- What the exercise asks
From the entries that follow, reproduce exactly and only the lines from the line with "Questo incantevole olio" to the line with "Pure Active 3", endpoints included.

- Records to process
☆ ☆ ☆ ☆ ☆

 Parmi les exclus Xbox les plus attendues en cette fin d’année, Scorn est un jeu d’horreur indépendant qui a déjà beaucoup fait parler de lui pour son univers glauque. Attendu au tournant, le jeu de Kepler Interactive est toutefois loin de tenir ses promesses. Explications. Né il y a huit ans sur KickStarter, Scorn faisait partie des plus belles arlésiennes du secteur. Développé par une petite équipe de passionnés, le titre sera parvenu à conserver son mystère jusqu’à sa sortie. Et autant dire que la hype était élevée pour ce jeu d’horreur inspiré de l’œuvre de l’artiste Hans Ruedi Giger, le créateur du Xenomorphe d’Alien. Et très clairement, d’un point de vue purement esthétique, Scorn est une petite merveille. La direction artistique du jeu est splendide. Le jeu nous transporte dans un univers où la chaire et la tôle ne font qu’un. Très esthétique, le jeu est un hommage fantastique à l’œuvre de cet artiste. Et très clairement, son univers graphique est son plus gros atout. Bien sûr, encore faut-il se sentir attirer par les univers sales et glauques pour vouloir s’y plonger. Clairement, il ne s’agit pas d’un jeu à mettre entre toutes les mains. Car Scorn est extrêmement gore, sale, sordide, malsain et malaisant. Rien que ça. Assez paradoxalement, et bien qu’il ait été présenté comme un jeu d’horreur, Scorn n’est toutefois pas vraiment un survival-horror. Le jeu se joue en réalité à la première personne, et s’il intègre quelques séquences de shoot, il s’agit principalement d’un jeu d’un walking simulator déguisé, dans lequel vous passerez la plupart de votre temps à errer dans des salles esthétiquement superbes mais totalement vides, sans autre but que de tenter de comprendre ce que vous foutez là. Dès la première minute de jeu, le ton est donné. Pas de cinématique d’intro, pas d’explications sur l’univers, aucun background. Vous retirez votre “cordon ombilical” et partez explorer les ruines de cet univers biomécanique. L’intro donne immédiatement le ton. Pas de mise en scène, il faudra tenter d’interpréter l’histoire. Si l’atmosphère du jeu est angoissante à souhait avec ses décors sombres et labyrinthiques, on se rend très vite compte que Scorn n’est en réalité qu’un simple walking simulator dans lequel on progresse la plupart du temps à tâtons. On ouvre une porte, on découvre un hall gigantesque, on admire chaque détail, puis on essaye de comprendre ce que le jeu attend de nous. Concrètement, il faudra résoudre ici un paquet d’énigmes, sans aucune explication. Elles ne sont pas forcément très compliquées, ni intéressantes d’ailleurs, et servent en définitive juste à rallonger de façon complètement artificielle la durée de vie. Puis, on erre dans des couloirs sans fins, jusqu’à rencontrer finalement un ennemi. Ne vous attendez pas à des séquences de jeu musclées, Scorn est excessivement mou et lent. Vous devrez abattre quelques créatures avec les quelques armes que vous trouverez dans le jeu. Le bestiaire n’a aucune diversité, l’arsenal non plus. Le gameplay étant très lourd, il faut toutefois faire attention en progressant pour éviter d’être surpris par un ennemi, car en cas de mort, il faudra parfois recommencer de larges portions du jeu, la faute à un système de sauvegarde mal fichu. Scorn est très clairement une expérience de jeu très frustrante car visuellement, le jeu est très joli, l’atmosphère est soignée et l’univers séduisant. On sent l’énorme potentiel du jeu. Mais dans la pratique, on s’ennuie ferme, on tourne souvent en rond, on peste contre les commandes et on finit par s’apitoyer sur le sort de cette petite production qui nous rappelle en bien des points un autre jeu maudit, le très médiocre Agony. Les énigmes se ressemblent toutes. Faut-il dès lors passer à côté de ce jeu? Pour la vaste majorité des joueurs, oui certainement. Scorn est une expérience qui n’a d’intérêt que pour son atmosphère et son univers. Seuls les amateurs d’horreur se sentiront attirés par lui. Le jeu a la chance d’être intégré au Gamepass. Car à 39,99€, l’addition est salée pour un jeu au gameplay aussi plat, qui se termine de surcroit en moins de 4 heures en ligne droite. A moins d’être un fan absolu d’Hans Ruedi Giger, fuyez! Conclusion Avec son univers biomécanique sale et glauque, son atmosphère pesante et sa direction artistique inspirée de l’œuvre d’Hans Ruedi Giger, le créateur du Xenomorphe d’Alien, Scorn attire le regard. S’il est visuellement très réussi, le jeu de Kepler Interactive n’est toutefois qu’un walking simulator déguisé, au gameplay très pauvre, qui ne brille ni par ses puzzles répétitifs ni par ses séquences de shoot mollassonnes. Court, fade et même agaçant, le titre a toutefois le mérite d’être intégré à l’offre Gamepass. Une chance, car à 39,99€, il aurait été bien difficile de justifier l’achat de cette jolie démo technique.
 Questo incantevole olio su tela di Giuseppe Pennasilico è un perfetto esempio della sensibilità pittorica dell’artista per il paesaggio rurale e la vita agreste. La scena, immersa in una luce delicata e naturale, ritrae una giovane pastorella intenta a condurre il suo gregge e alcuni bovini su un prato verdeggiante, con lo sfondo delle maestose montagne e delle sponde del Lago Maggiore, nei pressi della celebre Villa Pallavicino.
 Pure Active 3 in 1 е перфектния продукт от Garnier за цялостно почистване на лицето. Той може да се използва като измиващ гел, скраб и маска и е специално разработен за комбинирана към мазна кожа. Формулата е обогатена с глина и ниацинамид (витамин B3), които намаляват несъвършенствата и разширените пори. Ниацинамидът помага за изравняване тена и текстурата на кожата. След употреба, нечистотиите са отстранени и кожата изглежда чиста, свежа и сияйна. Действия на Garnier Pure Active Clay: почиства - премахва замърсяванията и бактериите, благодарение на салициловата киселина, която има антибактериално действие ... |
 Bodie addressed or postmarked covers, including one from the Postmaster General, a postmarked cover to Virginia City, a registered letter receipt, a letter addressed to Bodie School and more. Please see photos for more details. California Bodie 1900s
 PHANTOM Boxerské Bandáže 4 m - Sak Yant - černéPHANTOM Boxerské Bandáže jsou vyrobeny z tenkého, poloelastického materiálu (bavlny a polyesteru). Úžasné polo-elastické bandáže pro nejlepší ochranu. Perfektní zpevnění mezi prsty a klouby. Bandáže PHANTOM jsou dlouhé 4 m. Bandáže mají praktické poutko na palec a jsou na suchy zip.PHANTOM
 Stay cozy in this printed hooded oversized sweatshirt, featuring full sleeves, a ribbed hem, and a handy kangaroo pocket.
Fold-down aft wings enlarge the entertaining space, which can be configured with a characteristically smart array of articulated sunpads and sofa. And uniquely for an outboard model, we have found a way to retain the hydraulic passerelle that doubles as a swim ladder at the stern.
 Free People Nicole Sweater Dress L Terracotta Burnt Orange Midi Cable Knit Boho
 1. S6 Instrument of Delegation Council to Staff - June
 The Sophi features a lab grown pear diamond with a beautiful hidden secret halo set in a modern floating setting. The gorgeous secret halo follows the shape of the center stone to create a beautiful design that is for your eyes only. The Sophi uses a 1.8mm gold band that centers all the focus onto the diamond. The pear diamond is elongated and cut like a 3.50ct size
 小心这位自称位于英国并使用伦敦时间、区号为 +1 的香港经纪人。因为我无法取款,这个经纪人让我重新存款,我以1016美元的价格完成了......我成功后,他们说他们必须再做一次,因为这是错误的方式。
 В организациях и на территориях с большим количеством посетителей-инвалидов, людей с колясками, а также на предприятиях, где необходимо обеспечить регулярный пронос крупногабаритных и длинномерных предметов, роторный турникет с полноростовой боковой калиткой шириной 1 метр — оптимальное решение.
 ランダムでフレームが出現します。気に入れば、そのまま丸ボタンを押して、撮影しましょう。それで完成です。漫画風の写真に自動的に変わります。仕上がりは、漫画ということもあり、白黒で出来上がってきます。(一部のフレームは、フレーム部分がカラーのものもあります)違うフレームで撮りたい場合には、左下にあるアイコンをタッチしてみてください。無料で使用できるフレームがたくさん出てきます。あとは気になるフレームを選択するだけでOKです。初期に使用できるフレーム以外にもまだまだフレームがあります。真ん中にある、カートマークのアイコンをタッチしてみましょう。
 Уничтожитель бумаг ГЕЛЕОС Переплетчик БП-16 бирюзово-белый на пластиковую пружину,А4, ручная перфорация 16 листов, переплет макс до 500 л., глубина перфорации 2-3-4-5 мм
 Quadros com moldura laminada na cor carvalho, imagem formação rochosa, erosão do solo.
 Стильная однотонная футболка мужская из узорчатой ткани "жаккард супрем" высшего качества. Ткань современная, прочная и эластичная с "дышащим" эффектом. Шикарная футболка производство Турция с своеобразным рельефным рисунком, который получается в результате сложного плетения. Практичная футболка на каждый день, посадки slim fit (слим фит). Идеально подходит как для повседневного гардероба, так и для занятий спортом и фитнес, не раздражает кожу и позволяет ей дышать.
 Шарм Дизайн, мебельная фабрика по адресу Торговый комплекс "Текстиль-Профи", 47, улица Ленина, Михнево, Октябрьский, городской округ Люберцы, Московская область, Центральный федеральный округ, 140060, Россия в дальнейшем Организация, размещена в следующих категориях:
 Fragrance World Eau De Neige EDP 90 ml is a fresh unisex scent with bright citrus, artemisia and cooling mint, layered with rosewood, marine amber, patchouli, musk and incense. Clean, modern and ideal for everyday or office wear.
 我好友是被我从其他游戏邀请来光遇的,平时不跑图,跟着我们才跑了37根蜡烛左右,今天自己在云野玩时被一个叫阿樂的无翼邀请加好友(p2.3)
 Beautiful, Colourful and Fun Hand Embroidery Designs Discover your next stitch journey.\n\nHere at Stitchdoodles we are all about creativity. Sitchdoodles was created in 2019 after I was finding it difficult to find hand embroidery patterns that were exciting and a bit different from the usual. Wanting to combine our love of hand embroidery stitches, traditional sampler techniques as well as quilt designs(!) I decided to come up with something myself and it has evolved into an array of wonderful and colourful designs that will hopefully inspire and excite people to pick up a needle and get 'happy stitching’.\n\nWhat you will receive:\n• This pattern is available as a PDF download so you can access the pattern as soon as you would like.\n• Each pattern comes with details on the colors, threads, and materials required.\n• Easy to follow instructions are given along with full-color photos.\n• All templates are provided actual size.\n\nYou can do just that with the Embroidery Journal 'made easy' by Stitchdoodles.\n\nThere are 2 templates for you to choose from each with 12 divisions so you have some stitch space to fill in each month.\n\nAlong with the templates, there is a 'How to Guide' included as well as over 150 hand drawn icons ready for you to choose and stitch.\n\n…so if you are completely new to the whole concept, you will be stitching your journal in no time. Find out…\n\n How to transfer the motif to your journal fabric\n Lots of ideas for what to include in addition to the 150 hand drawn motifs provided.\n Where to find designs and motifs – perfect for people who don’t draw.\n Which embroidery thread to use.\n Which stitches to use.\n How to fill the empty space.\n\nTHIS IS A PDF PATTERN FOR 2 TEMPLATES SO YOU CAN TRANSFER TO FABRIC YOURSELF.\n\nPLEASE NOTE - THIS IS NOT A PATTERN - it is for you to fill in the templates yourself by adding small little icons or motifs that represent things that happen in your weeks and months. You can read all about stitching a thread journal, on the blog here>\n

☆ ☆ ☆ ☆ ☆

- Completed exercise
 Questo incantevole olio su tela di Giuseppe Pennasilico è un perfetto esempio della sensibilità pittorica dell’artista per il paesaggio rurale e la vita agreste. La scena, immersa in una luce delicata e naturale, ritrae una giovane pastorella intenta a condurre il suo gregge e alcuni bovini su un prato verdeggiante, con lo sfondo delle maestose montagne e delle sponde del Lago Maggiore, nei pressi della celebre Villa Pallavicino.
 Pure Active 3 in 1 е перфектния продукт от Garnier за цялостно почистване на лицето. Той може да се използва като измиващ гел, скраб и маска и е специално разработен за комбинирана към мазна кожа. Формулата е обогатена с глина и ниацинамид (витамин B3), които намаляват несъвършенствата и разширените пори. Ниацинамидът помага за изравняване тена и текстурата на кожата. След употреба, нечистотиите са отстранени и кожата изглежда чиста, свежа и сияйна. Действия на Garnier Pure Active Clay: почиства - премахва замърсяванията и бактериите, благодарение на салициловата киселина, която има антибактериално действие ... |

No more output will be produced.